··· Data

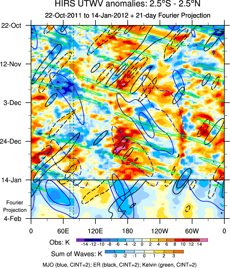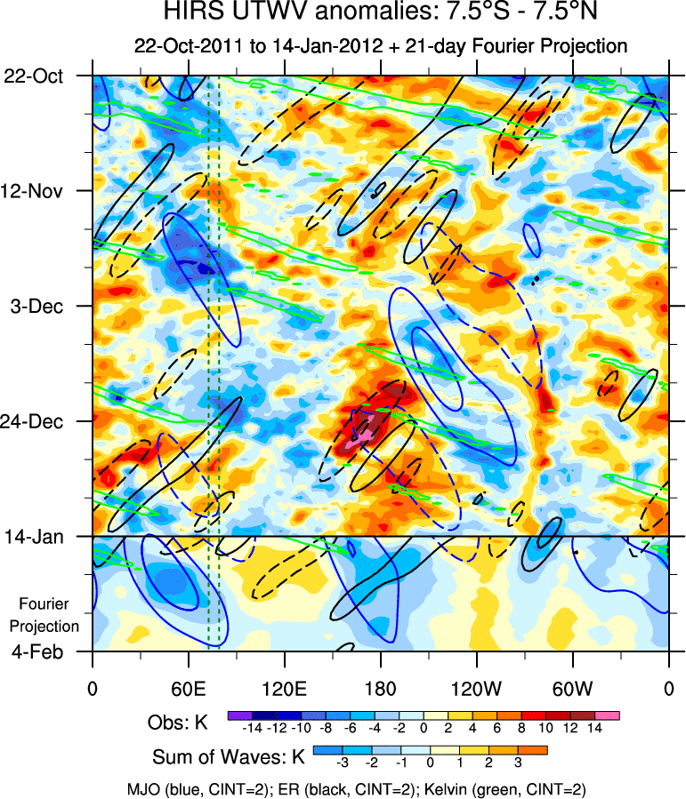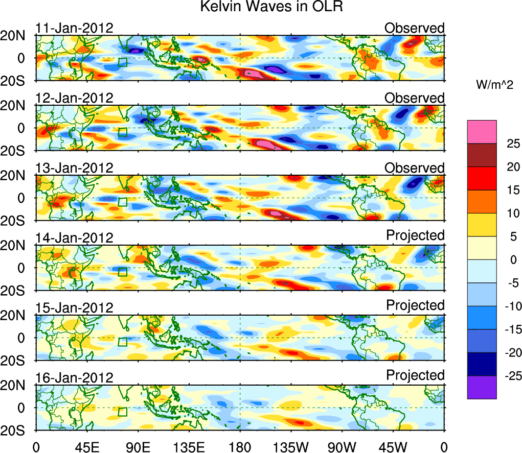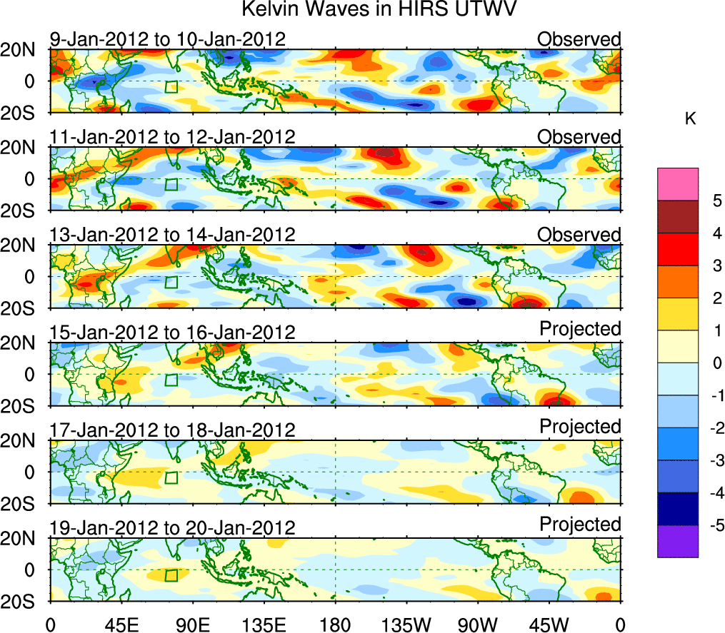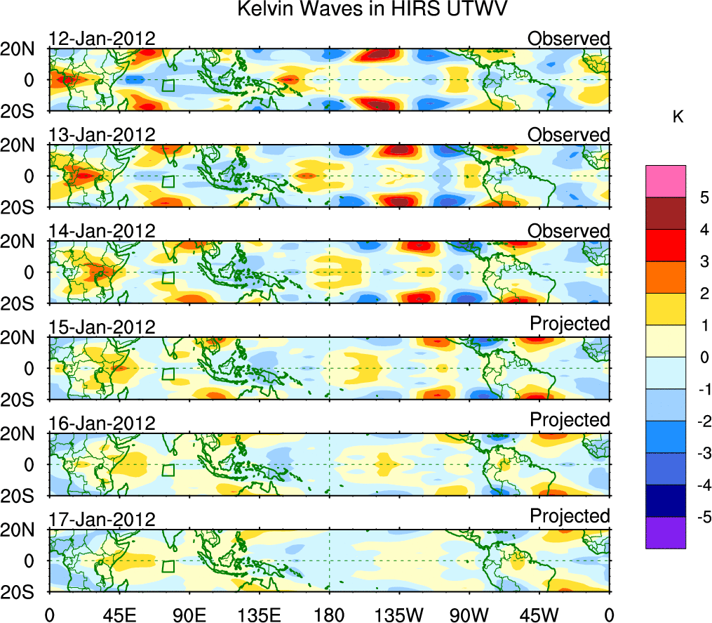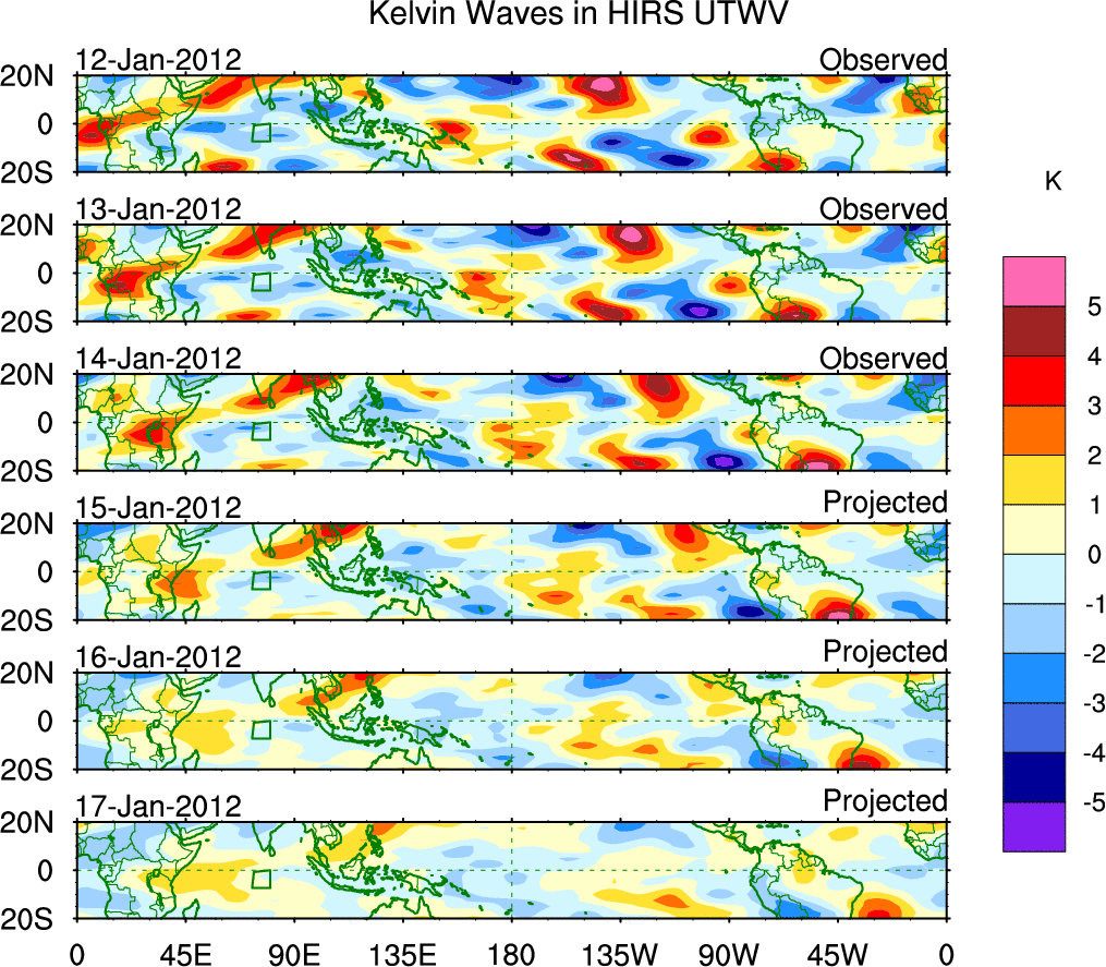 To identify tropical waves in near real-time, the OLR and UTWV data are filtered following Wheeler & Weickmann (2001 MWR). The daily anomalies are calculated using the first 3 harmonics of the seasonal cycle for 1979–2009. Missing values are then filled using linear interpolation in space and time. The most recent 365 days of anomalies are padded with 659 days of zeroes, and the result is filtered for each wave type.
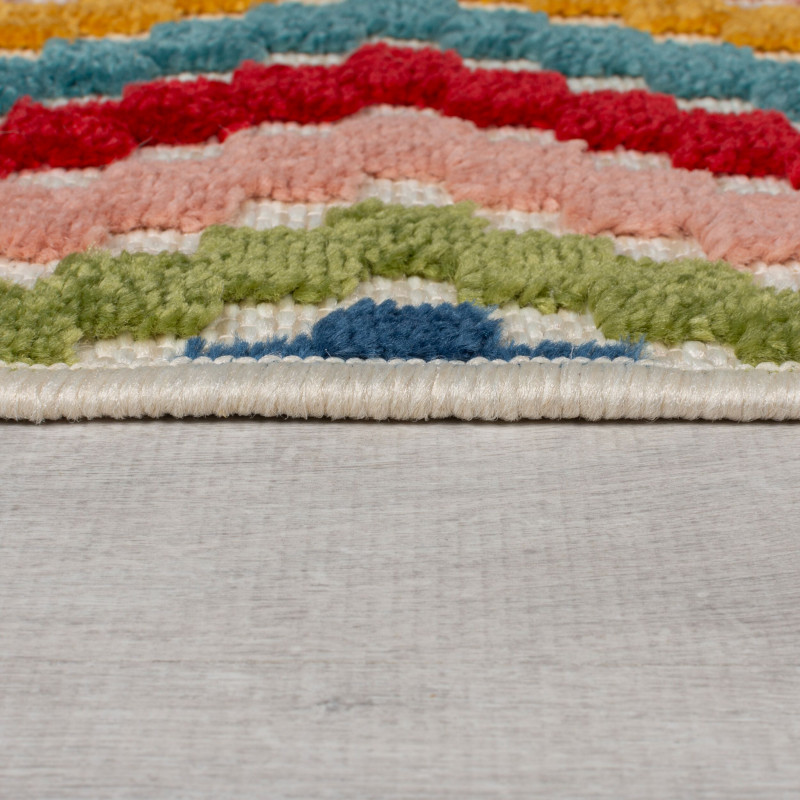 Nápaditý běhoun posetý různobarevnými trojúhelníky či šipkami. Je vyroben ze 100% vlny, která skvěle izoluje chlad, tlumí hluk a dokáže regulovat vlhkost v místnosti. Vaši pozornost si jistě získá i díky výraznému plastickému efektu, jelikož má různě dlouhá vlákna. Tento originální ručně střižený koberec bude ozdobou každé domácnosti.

······
··· Data

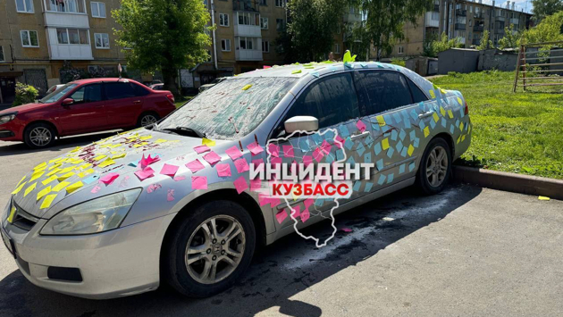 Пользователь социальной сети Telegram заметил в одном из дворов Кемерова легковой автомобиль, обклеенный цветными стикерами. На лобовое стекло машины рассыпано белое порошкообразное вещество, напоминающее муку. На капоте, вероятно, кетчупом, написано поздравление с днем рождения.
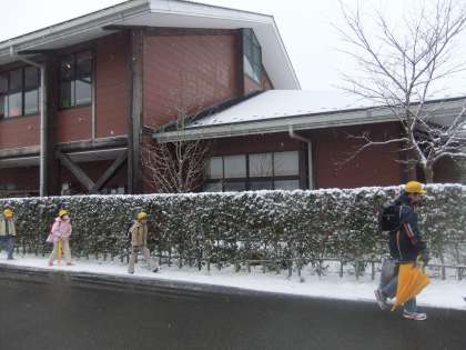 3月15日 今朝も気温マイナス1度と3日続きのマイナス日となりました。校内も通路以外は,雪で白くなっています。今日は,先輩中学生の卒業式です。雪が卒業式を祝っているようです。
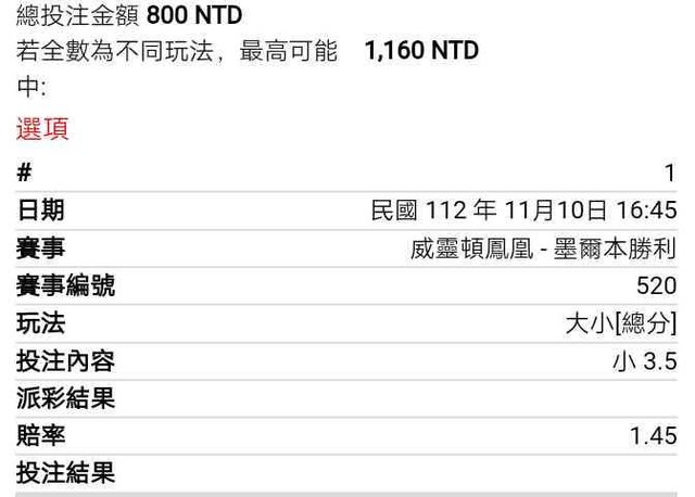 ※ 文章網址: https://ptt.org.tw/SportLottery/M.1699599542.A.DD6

······
··· Data

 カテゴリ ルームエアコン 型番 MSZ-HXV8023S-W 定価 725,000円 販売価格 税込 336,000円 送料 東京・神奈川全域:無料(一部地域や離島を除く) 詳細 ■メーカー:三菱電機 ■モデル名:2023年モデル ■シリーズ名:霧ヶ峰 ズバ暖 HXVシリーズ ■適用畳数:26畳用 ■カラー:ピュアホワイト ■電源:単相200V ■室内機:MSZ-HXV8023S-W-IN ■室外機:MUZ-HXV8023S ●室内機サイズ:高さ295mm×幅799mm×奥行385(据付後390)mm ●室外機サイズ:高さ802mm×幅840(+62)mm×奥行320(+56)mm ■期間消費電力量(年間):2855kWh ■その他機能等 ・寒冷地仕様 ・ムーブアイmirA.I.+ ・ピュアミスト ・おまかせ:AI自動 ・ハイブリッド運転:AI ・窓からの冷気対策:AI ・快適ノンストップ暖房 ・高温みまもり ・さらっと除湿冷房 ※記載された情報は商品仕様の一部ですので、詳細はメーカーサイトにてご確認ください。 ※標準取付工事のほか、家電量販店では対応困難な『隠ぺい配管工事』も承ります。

······

» Task brief
Within the entries above, give again exactly the lines starting at the one that contains "To identify tropical" and ending at the one that contains "Nápaditý běhoun posetý", leaving out the pictures.

» Expected answer
 To identify tropical waves in near real-time, the OLR and UTWV data are filtered following Wheeler & Weickmann (2001 MWR). The daily anomalies are calculated using the first 3 harmonics of the seasonal cycle for 1979–2009. Missing values are then filled using linear interpolation in space and time. The most recent 365 days of anomalies are padded with 659 days of zeroes, and the result is filtered for each wave type.
 Nápaditý běhoun posetý různobarevnými trojúhelníky či šipkami. Je vyroben ze 100% vlny, která skvěle izoluje chlad, tlumí hluk a dokáže regulovat vlhkost v místnosti. Vaši pozornost si jistě získá i díky výraznému plastickému efektu, jelikož má různě dlouhá vlákna. Tento originální ručně střižený koberec bude ozdobou každé domácnosti.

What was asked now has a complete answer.